Library Quick Reference
Pandas Basics
import pandas as pd
# Read data
df = pd.read_csv('data.csv')
# Basic operations
df.head() # First 5 rows
df.describe() # Summary stats
df.info() # Column types
# Filtering
df[df['column'] > value]
df.query('column > @value')
# Grouping
df.groupby('team').mean()
df.groupby(['team', 'year']).agg({'pts': 'sum'})
# Merging
pd.merge(df1, df2, on='key')
df1.join(df2, on='key')
NumPy Basics
import numpy as np
# Array creation
arr = np.array([1, 2, 3])
zeros = np.zeros((3, 4))
ones = np.ones((2, 3))
# Statistics
np.mean(arr)
np.std(arr)
np.percentile(arr, 75)
# Random
np.random.normal(mean, std, size)
np.random.choice(arr, size, replace=True)
Matplotlib Basics
import matplotlib.pyplot as plt
# Basic plot
plt.figure(figsize=(10, 6))
plt.plot(x, y, label='Series')
plt.xlabel('X Label')
plt.ylabel('Y Label')
plt.title('Title')
plt.legend()
plt.savefig('plot.png', dpi=150)
plt.show()
# Scatter plot
plt.scatter(x, y, c=colors, s=sizes)
# Histogram
plt.hist(data, bins=30, edgecolor='black')
# Bar chart
plt.bar(categories, values)
Seaborn Basics
import seaborn as sns
# Distribution
sns.histplot(df['column'], kde=True)
sns.kdeplot(df['column'])
# Relationships
sns.scatterplot(data=df, x='x', y='y', hue='group')
sns.regplot(data=df, x='x', y='y')
# Categorical
sns.boxplot(data=df, x='category', y='value')
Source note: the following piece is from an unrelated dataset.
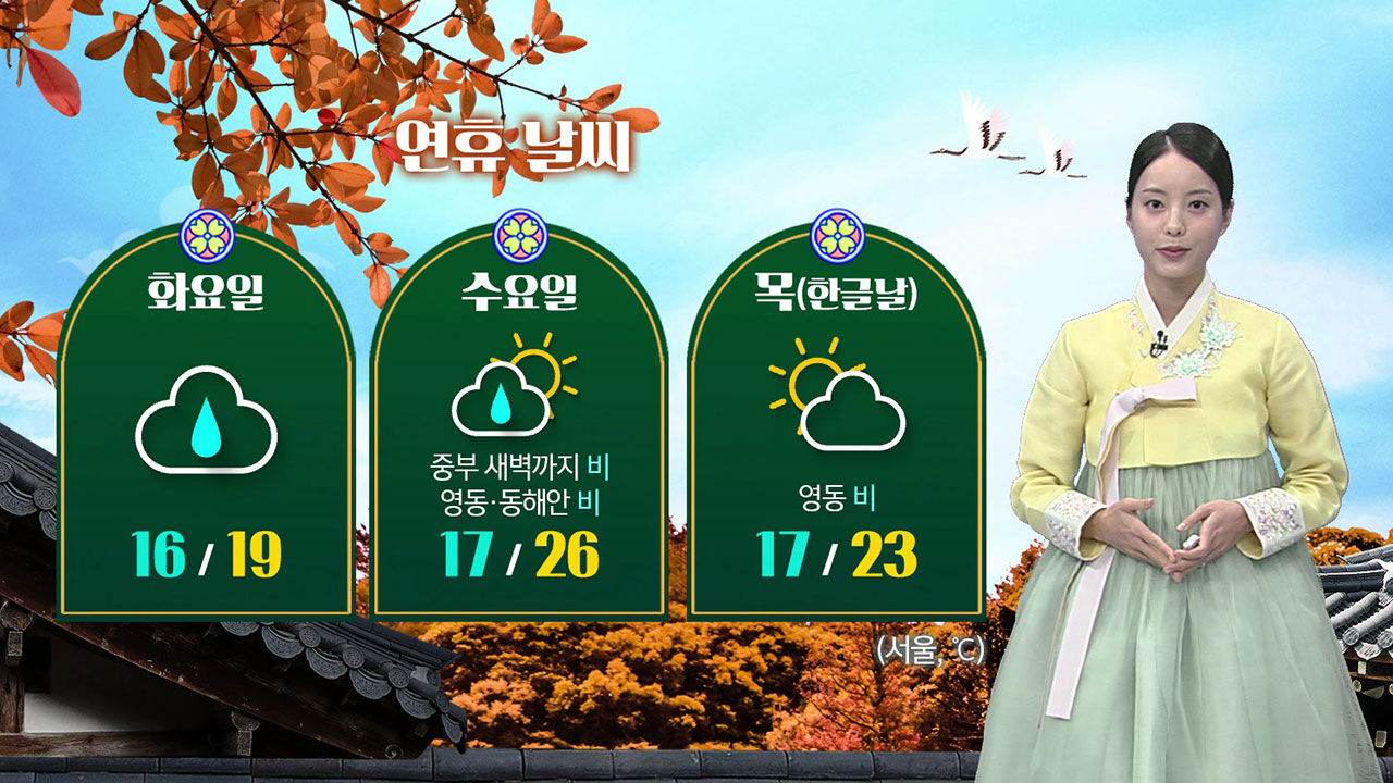 중부 지방의 비는 모레 새벽까지 이어지다 그치겠고 연휴 후반에는 동해안을 중심으로 비가 내릴 전망입니다.

sns.barplot(data=df, x='category', y='value')
# Heatmap
sns.heatmap(correlation_matrix, annot=True)
Scikit-Learn Basics
from sklearn.linear_model import LinearRegression, LogisticRegression
from sklearn.model_selection import train_test_split
from sklearn.metrics import mean_squared_error, accuracy_score
# Split data
X_train, X_test, y_train, y_test = train_test_split(X, y, test_size=0.2)
# Linear regression
model = LinearRegression()
model.fit(X_train, y_train)
predictions = model.predict(X_test)
mse = mean_squared_error(y_test, predictions)
# Logistic regression
clf = LogisticRegression()
clf.fit(X_train, y_train)
accuracy = accuracy_score(y_test, clf.predict(X_test))
NFL Data Access
Using nfl-data-py
import nfl_data_py as nfl
# Load play-by-play
pbp = nfl.import_pbp_data([2022, 2023])
# Load schedules
schedules = nfl.import_schedules([2022, 2023])
# Load rosters
rosters = nfl.import_rosters([2022, 2023])
# Load combine data
combine = nfl.import_combine_data([2020, 2021, 2022])
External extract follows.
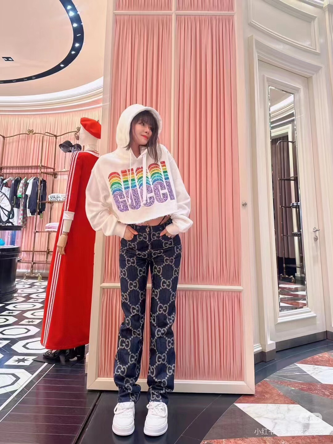 这款衣服是AAAAA 1:1 质量 (非常棒). 使用了和原版一模一样的材料. 商标部分也保持了和古奇/Gucci一样. 图片拍摄是实物衣服拍摄, 您所收到的实物保证和我们图片一模一样.

Common Columns (Play-by-Play)
| Column | Description |
|---|---|
| play_id | Unique play identifier |
| game_id | Game identifier |
| posteam | Team with possession |
| defteam | Defensive team |
| down | Current down |
| ydstogo | Yards to first down |
| yardline_100 | Yards from endzone |
| play_type | Type of play |
| yards_gained | Yards gained |
| epa | Expected Points Added |
| wp | Win probability |
Project Structure
Recommended directory structure:
nfl-analytics-project/
├── data/
│ ├── raw/
│ └── processed/
├── notebooks/
│ ├── 01-data-exploration.ipynb
│ └── 02-analysis.ipynb
├── src/
│ ├── __init__.py
│ ├── data_loading.py
│ ├── analysis.py
│ └── visualization.py
├── tests/
│ └── test_analysis.py
├── requirements.txt
└── README.md
Troubleshooting
Common Issues
Import Errors:
pip install --upgrade <library>
Version Conflicts:
pip install <library>==<version>
Memory Issues:
- Use chunksize parameter in pd.read_csv()
- Filter data early in pipeline
- Use appropriate dtypes
Plotting Not Showing:
%matplotlib inline
plt.show()
This appendix provides the technical foundation for running code examples. Refer back as needed when setting up your environment.